SaGa Frontier 2 Remastered : mon avis sur un chef-d’œuvre méconnu du JRPG.
Nous remercions comme toujours Square Enix pour la copie fournie, qui nous a permis de réaliser cet avis.
Le retour de SaGa Frontier 2 en version remasterisée est une excellente nouvelle pour les amateurs de JRPG atypiques. Entre son style artistique unique et sa narration éclatée, ce titre culte de SquareSoft, initialement sorti en 1999 sur PlayStation, revient aujourd’hui plus beau que jamais. Voici notre avis complet sur SaGa Frontier 2 Remastered.
Un remaster visuellement fidèle et sublime
Premier élément qui saute aux yeux : la direction artistique, déjà magnifique à l’époque, a bénéficié d’un traitement respectueux. Les décors peints à la main, aux allures d’aquarelles, sont désormais plus nets, mieux contrastés, et parfaitement adaptés aux écrans modernes. Les sprites des personnages restent pixelisés, mais le charme opère toujours.
Les animations ont été légèrement fluidifiées, et le travail de restauration est globalement très propre. Les nostalgiques apprécieront cette fidélité, tandis que les nouveaux joueurs découvriront un univers graphique inimitable.

Un système narratif ambitieux… mais exigeant
SaGa Frontier 2 Remastered conserve la narration non linéaire de l’original.

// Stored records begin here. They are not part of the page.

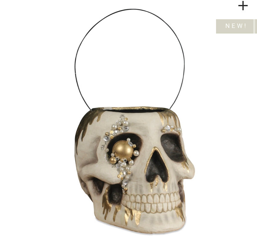 This large, Halloween skull bucket is made from paper mache and features dripping metallic gold and cascading jewels. Paper mâché, beads, glitter, and wire hanger.
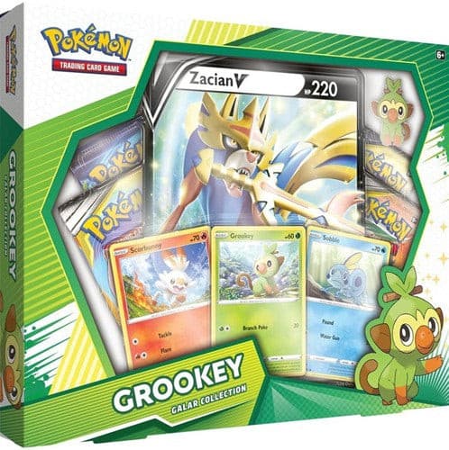 Speciale Pokémon TCG box met Pokémon Grookey, Scorbunny en Sobble die de Galar region gaan verkennen! Deze box is verkrijgbaar in 3 verschillende kleuren, elk met 2 designs. Een Galar Collection box bevat 3 foil promokaarten (Grookey, Scorbunny en Sobble), 1 oversized foil promokaart (Legendarische Pokémon Zacian of Zamazenta), 4 Pokémon TCG boosterpacks, 1 pin (Grookey, Scorbunny of Sobble) en 1 codekaart voor Pokémon TCG Online.
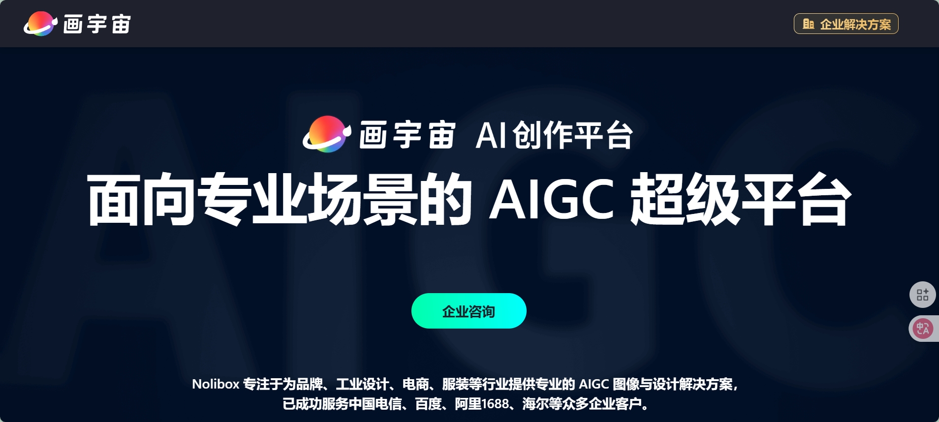 画宇宙(Nolibox)是一款面向企业级用户的专业 AIGC(人工智能生成内容)创作平台,核心定位为 “行业级创意设计加速器”。其通过整合 AI 生成技术与垂直行业需求,为品牌营销、工业设计、电商运营、服装设计等领域提供从创意构思到内容落地的全链路解决方案,帮助企业降低设计成本、提升创作效率,已服务中国电信、百度、阿里 1688、海尔、中国农业银行等众多知名企业及机构。

On y suit deux protagonistes : Gustav, héritier déchu d’un royaume, et Wil Knights, un aventurier au destin mouvementé. Le jeu alterne entre différentes périodes de leur vie, sans ordre strict, ce qui peut déconcerter au premier abord.
Cette construction éclatée demande de l’investissement : il faut reconstituer le fil narratif soi-même. Mais une fois immergé, on découvre un récit riche, épique, qui aborde des thèmes de guerre, de succession, de tragédie familiale, avec une réelle maturité.
Nouveauté importante dans cette version remasterisée : des dates ont été ajoutées pour un suivi plus chronologique des événements. Cela permet de mieux comprendre l’enchaînement des scénarios, et les joueurs peuvent désormais suivre l’histoire dans un ordre plus structuré si cela les aide.
Attention cependant : n’allez surtout pas consulter l’onglet “Chronique” sur la carte du monde en début de partie. Celui-ci, censé retracer les événements du jeu dans l’ordre chronologique, spoile sans filtre l’intégralité du scénario, y compris des révélations majeures. Mieux vaut l’ignorer jusqu’à la toute fin, voire ne jamais y toucher si vous découvrez le jeu pour la première fois.

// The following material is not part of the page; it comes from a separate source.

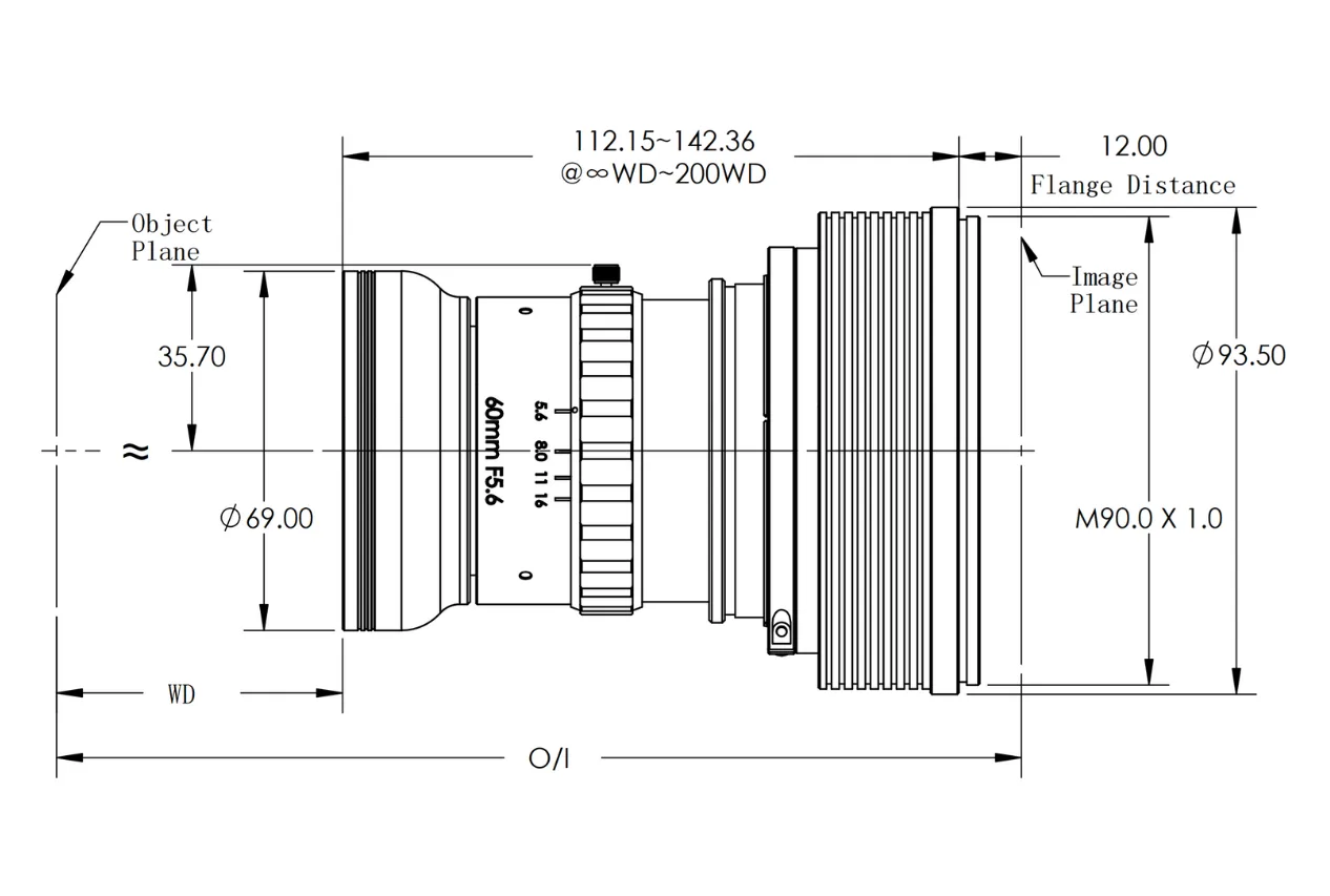 60mm | φ82mm | F5.6 | M90/M72 – 16K5μ Line Scan And Large Format Lens

Un gameplay à contre-courant
Comme souvent avec la série SaGa, le gameplay prend des risques. Oubliez les niveaux classiques : ici, les personnages progressent selon leur utilisation en combat. Le système de formation stratégique, le choix des armes, les combos à découvrir via les actions contextuelles… tout cela donne une saveur très particulière aux affrontements.
Le remaster n’a pas touché au gameplay de base, et c’est peut-être ce qui divisera le plus. Les amateurs de JRPG “classiques” pourraient être frustrés. En revanche, ceux en quête d’une expérience originale seront comblés.

Ce que le remaster apporte (et oublie…)
En dehors de l’amélioration graphique, SaGa Frontier 2 Remastered reste fidèle à l’œuvre originale. Pas de nouveaux scénarios, pas de fonctionnalités modernes comme les sauvegardes rapides ou l’accélération des combats que l’on retrouve dans d’autres remasters de Square Enix.
Mais surtout, le remaster oublie un point essentiel pour les joueurs francophones : la traduction française, pourtant présente dans la version originale PlayStation, a disparu. Le jeu est désormais uniquement disponible en anglais et japonais, ce qui représente un vrai recul pour une œuvre déjà complexe dans sa narration.
C’est un choix regrettable, surtout pour un remaster censé remettre en avant un jeu culte auprès d’un public plus large. Il faudra donc un bon niveau d’anglais pour profiter pleinement de l’histoire.

Faut-il craquer pour SaGa Frontier 2 Remastered ?
SaGa Frontier 2 Remastered est un remaster fidèle, respectueux de l’œuvre d’origine, et profondément original dans son approche. Ce n’est pas un jeu pour tout le monde : il demande de la patience, de l’attention, et une certaine ouverture d’esprit. Mais ceux qui sauront s’y plonger y découvriront un des JRPG les plus singuliers de la fin des années 90.